Raw Chia Crackers
I wanted to play with a new cracker style recipe using Chia. I use Chia off and on and it can create some great crackers, pudding or in smoothies. I am not understanding baking with it since it gels and expands in water, so my thoughts would be potential constipation. One tables with a glass of water and you will be full for a while. It was also used in ancient times as an energy food on long journeys when it wasn’t possible to carry much food again taken with water. so cooking or baking with it, I am not convinced is a good thing. Just like hemp it has omega oils that are destroyed when heated.
Using a food dehydrator keeps the temperature under 115 and the nutrients and enzymes are still living!
- ¼ cup ground Flax See
- – 2 cups ground Chia See
- 10 cloves minced Garlic
- 2 cups Water
Mix well together and let stand overnight
- 1 onion finely chopped
- 1 tsp Himalyan Sea Salt
- 2 tbsp Coconut Oil
- 1 cup finely chopped Dill
- 1 cup finely chopped Parsely
Mix remaining ingredients in and let stand another 12 hours (optional but it brings in a fermenting process a bit so it’s easier to digest or you can mix all ingredients together at once and let stand 12 – 24 hours)
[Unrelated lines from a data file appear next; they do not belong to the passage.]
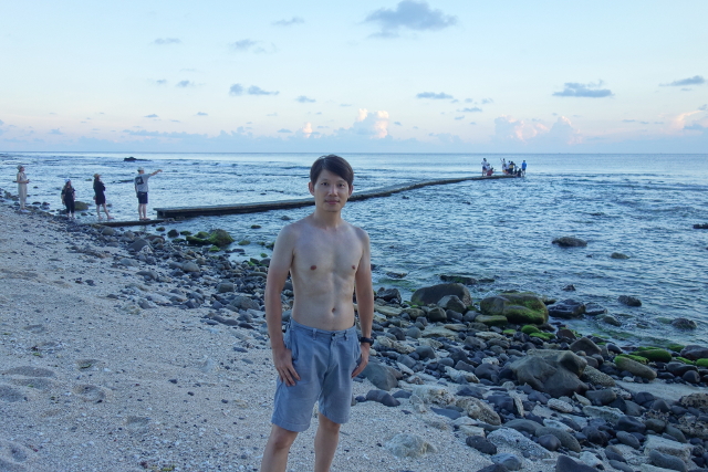 在步道晃蕩了一陣,我們回到海岸坐著放空,
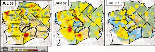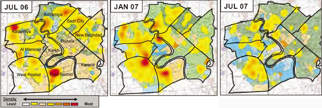 Estos mapas representan la densidad de incidentes violentos en Baghdad en Julio de 2006 y Enero y Julio de 2007. Los colores más cálidos indcian mayor número de conflictos.
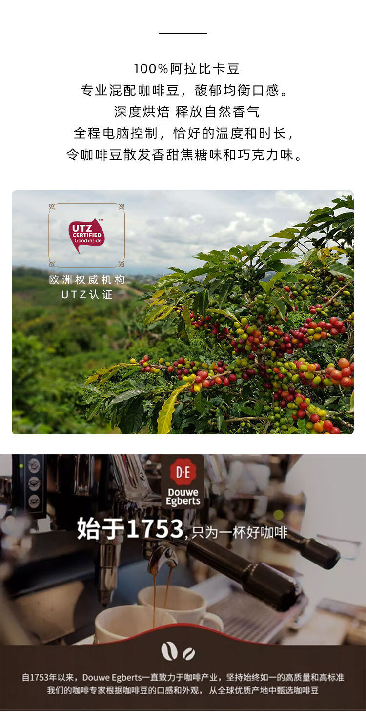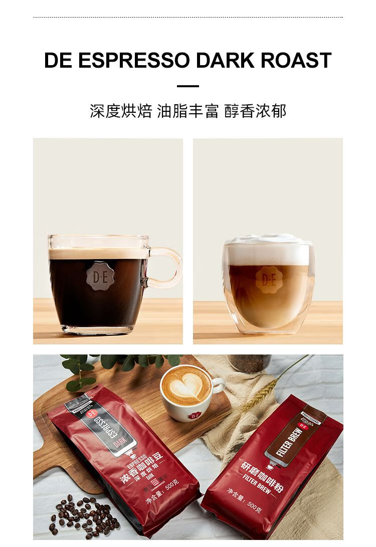 帝怡(D·E) 100%阿拉卡比咖啡豆?jié)庀闵疃群姹阂馐浆F(xiàn)磨純黑咖啡豆500g/袋
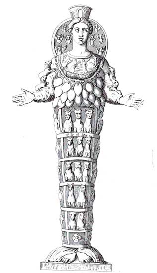 에페소스의 아르테미스 상은 근동 및 이집트 신들과 유사하며, 그리스 신들과는 다르다. 몸과 다리는 원뿔 모양의 기둥과 같은 조형물 안에 갇혀 있으며, 그 기둥에서 여신의 발이 튀어나와 있다. 에페소스에서 주조된 동전에서 여신은 도시의 벽과 같은 성벽관을 쓰고 있으며, 이는 도시의 보호자로서 키벨레의 속성이다.(''폴로스'' 참조).[46]
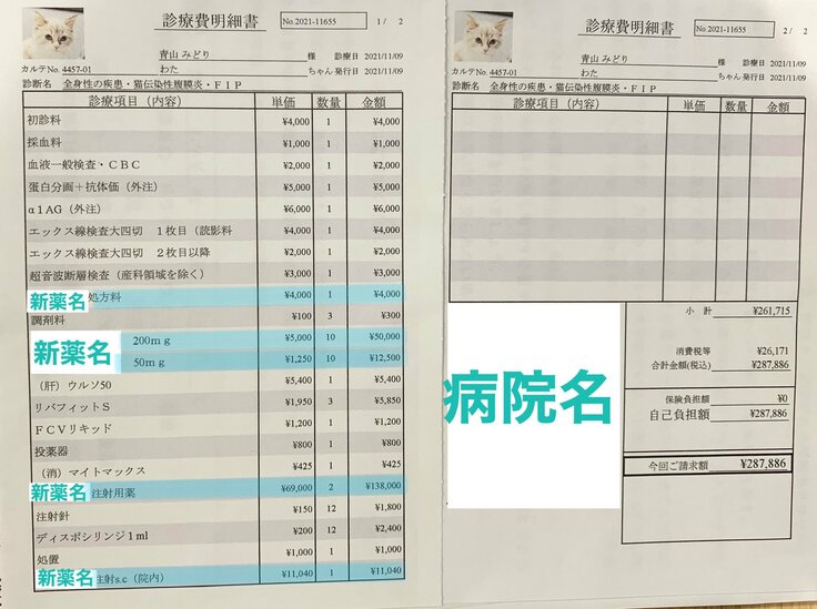 FIPを発症したわたを救うためには、現在行っている新薬の投与を84日間毎日行う必要があります。具体的な治療費の試算を書かせていただきます。
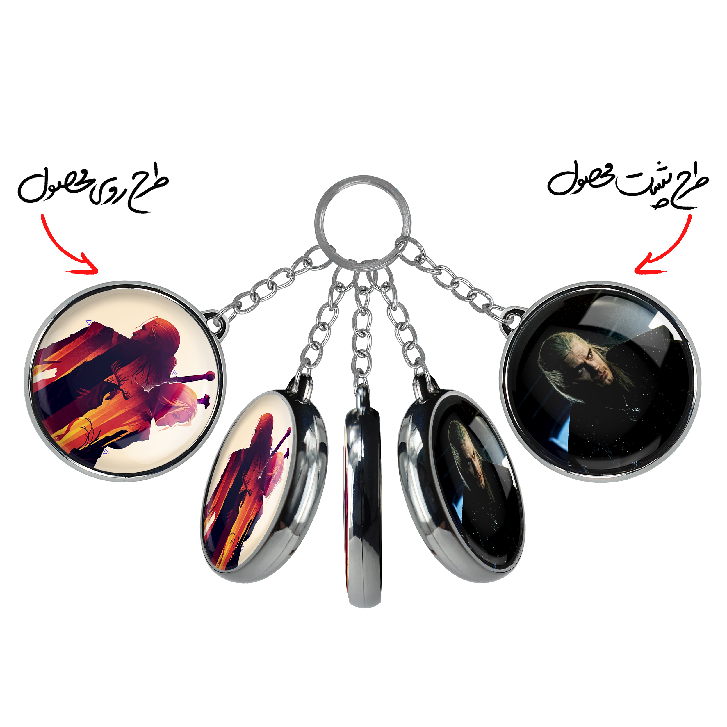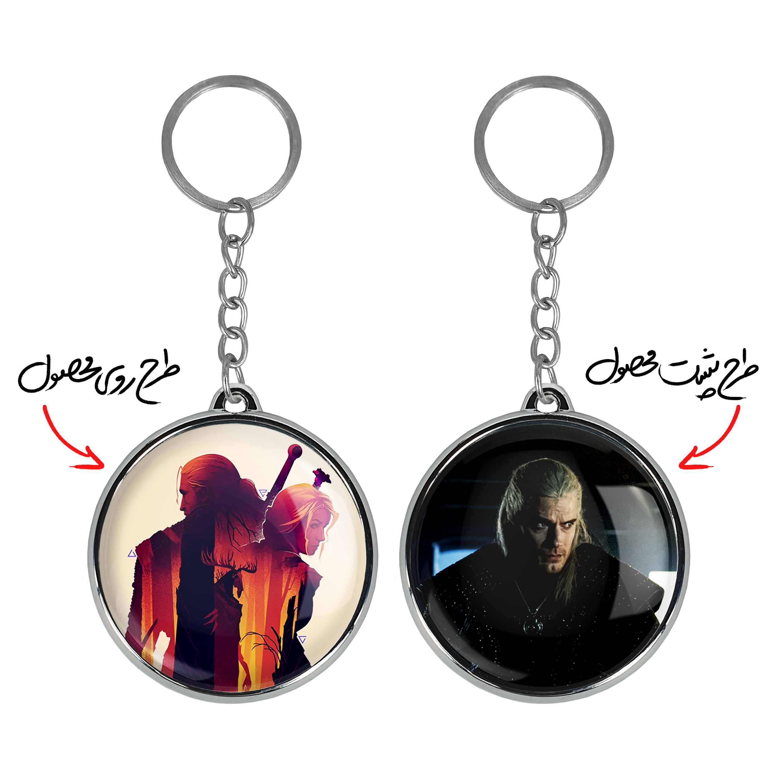 جاکلیدی دوطرفه گرالت و سیری سریال ویچر Witcherخندالو محصولی کاربردی و جدید است که در هر دو سمت محصول، تصویری متفاوت اما از یک موضوع چاپ شده و تفاوت اصلی آن با جاکلیدی های یک طرفه در همین است که هر دو سمت پشت و روی جاکلیدی، طرحی دیدنی و جذاب دارد. همچنین رینگ بکار برده شده برای دور طرح ها آبکاری کروم درجه یک و رنگ ثابت است و برخلاف سایر محصولات مشابه، از رنگ های متفرقه و یا سفید استفاده نشده، که این مهم، زیبایی محصول نهایی را چند برابر کرده است. جاکلیدی های دوطرفه گرالت و سیری سریال ویچر Witcherبا استفاده از روکش سلفون براق ضدخش تولید شده که خاصیت ضدخش بودن آن عمر مفید استفاده از جاکلیدی ها را افزایش میدهد. چاپ جاکلیدی ها با دستگاه های استاندارد و با بهترین سطح کیفیت صورت گرفته و طرح با شفافیتی مثال زدنی و با سلفون چسبی تولید شده است که باعث شده محصول نهایی بدون شکست نور دیده شود. همچنین بسته بندی جذاب و مینیمال جاکلیدی دوطرفه گرالت و سیری سریال ویچر Witcher، آنها را محصولی مناسب هدیه کرده است. زنجیر و حلقه بکار برده شده در جاکلیدی خندالو از نوع حلقه ضخیم و محکم بوده و حین استفاده آسیب نمی بیند.

Depending on the thickness you may need more water, you don’t want it runny yet not too thick either to be able to spread on the sheets in the dehydrator.
Spread out and score and let dehydrate for several hours (approx 6 hours) and flip the sheets removing the sheet so it’s right on the tray and dehydrate until crisp or desired crispness.
Great in dips, spreads or on it’s own. I made mine crispy and used in Salsa and Guacamole.